◆ **Source data**:
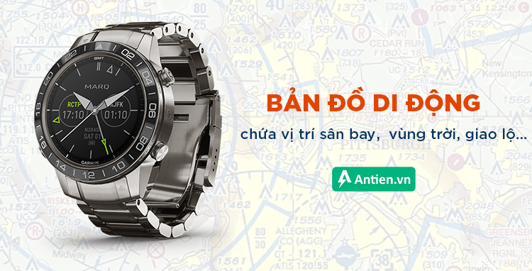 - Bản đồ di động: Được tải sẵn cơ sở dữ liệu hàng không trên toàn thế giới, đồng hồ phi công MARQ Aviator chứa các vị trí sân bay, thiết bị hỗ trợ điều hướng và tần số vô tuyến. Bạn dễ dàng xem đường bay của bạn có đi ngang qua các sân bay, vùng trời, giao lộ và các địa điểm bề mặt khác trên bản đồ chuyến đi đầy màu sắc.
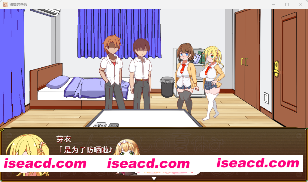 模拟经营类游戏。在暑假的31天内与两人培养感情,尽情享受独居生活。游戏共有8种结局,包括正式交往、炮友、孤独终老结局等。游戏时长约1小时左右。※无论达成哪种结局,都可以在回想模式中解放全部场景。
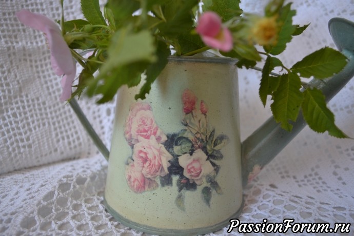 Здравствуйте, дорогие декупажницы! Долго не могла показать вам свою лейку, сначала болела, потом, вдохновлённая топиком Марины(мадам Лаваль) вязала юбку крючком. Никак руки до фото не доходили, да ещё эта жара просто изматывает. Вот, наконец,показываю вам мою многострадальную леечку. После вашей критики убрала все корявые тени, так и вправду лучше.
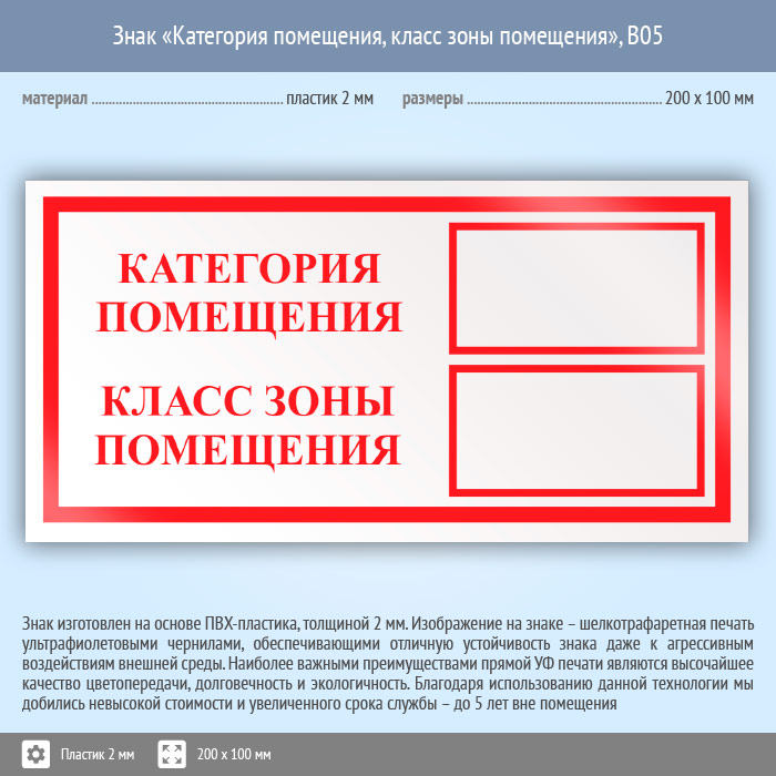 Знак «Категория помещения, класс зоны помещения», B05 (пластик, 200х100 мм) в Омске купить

...

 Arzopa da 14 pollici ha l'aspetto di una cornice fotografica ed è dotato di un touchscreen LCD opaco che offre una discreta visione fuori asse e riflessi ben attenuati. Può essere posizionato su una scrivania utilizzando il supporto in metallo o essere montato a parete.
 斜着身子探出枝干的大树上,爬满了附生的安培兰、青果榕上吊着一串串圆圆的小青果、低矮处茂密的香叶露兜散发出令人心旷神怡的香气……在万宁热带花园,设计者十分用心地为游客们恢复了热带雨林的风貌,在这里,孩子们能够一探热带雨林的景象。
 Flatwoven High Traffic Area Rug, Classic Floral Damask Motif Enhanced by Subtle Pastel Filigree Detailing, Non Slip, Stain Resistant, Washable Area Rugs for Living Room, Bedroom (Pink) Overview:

==

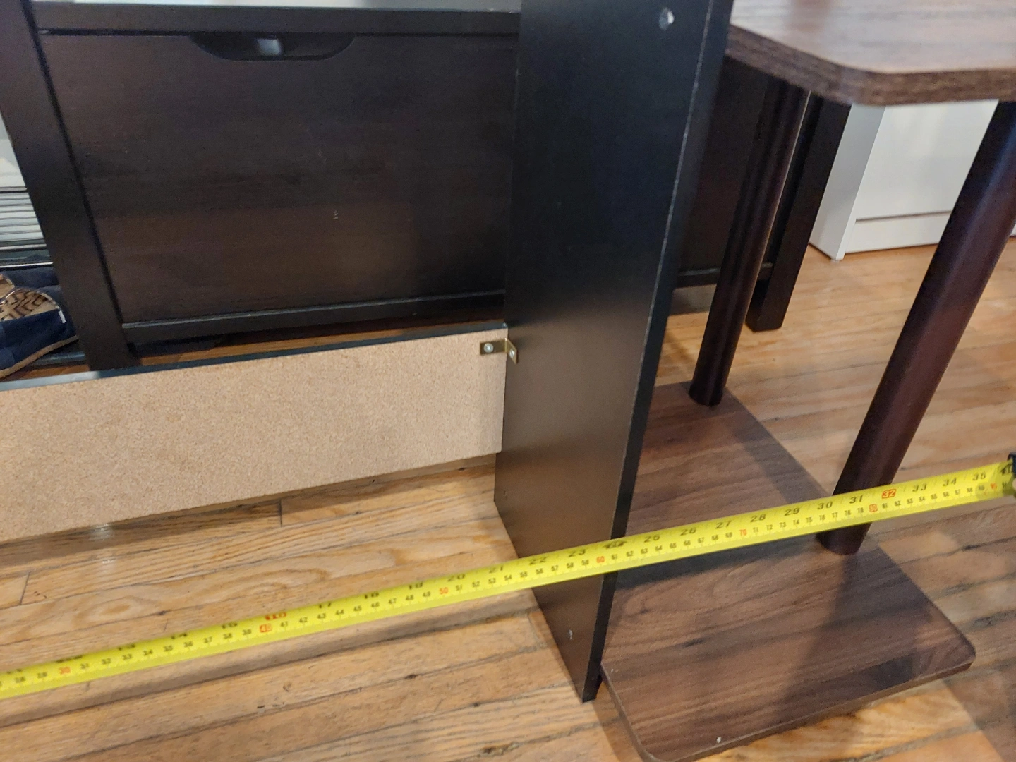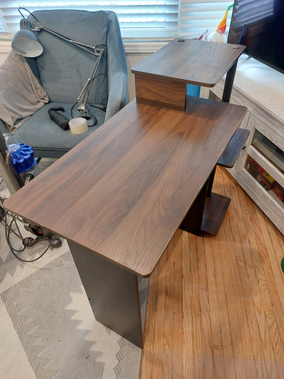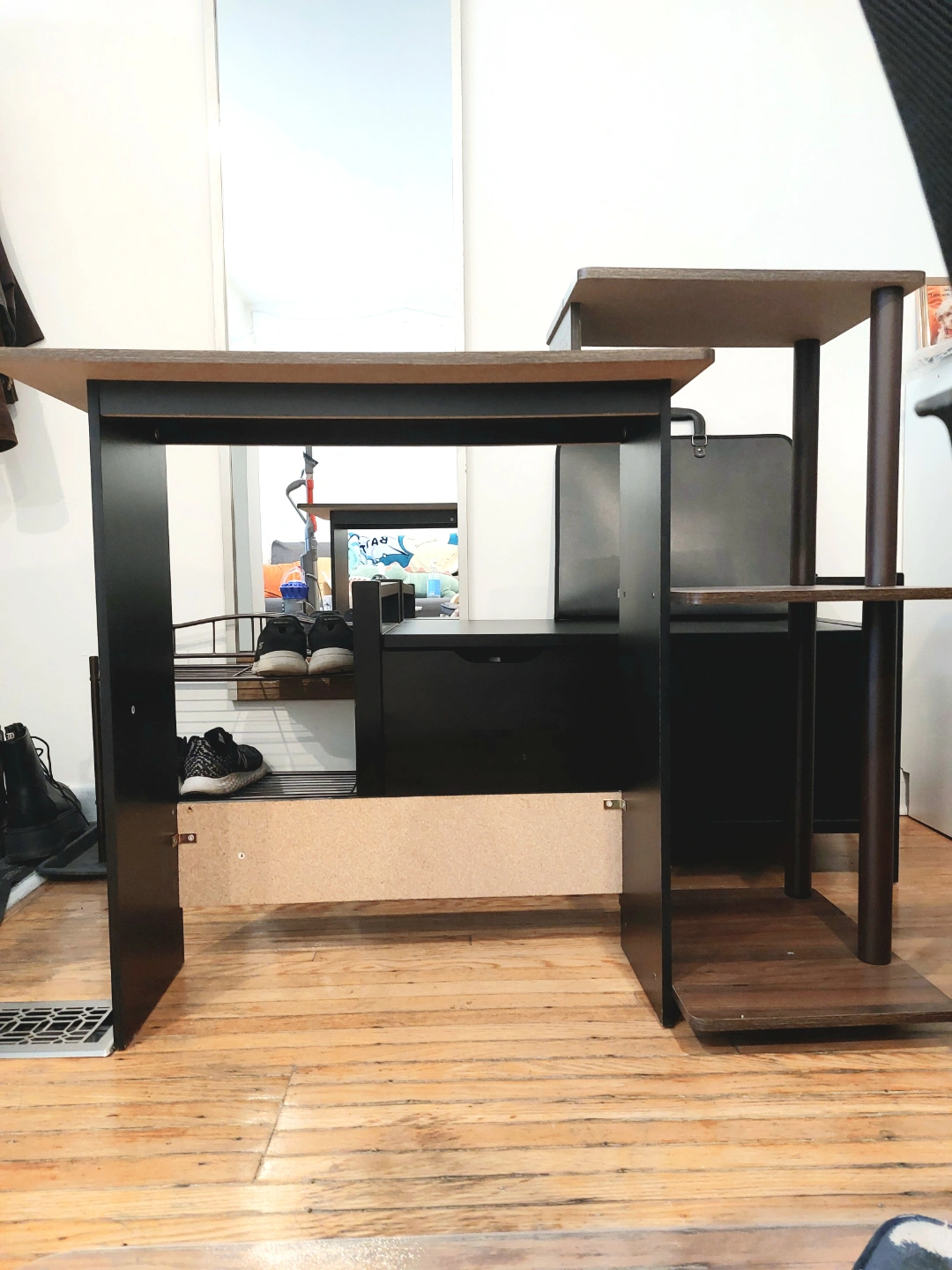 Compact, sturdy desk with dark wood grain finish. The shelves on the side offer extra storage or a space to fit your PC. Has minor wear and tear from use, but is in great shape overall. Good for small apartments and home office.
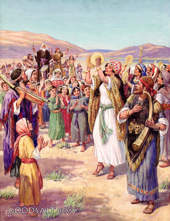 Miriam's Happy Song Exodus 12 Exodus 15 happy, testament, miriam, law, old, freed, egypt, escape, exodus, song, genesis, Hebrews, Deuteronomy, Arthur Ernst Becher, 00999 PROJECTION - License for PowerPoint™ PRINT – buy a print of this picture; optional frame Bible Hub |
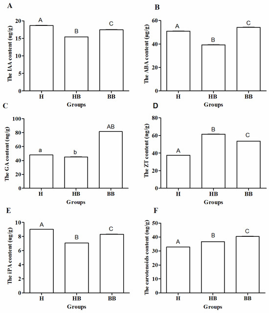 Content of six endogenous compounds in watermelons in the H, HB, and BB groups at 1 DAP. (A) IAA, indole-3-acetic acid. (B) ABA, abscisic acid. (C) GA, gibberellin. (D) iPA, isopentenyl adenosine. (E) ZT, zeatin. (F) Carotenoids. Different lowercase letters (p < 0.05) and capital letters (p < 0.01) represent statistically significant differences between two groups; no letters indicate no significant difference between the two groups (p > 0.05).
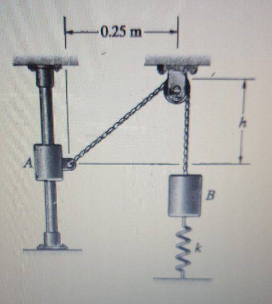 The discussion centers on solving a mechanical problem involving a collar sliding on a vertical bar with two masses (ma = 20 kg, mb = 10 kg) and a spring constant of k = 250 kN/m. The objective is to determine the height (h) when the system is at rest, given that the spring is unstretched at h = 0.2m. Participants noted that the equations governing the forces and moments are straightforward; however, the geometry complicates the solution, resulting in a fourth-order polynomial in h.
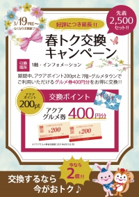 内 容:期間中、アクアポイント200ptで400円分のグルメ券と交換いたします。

◆ **Requirement**: Reproduce exactly the lines above starting at the line containing "Здравствуйте, дорогие декупажницы!" and ending at the line containing "в Омске купить", including both, but not the pictures.

◆ **Task output**:
 Здравствуйте, дорогие декупажницы! Долго не могла показать вам свою лейку, сначала болела, потом, вдохновлённая топиком Марины(мадам Лаваль) вязала юбку крючком. Никак руки до фото не доходили, да ещё эта жара просто изматывает. Вот, наконец,показываю вам мою многострадальную леечку. После вашей критики убрала все корявые тени, так и вправду лучше.
 Знак «Категория помещения, класс зоны помещения», B05 (пластик, 200х100 мм) в Омске купить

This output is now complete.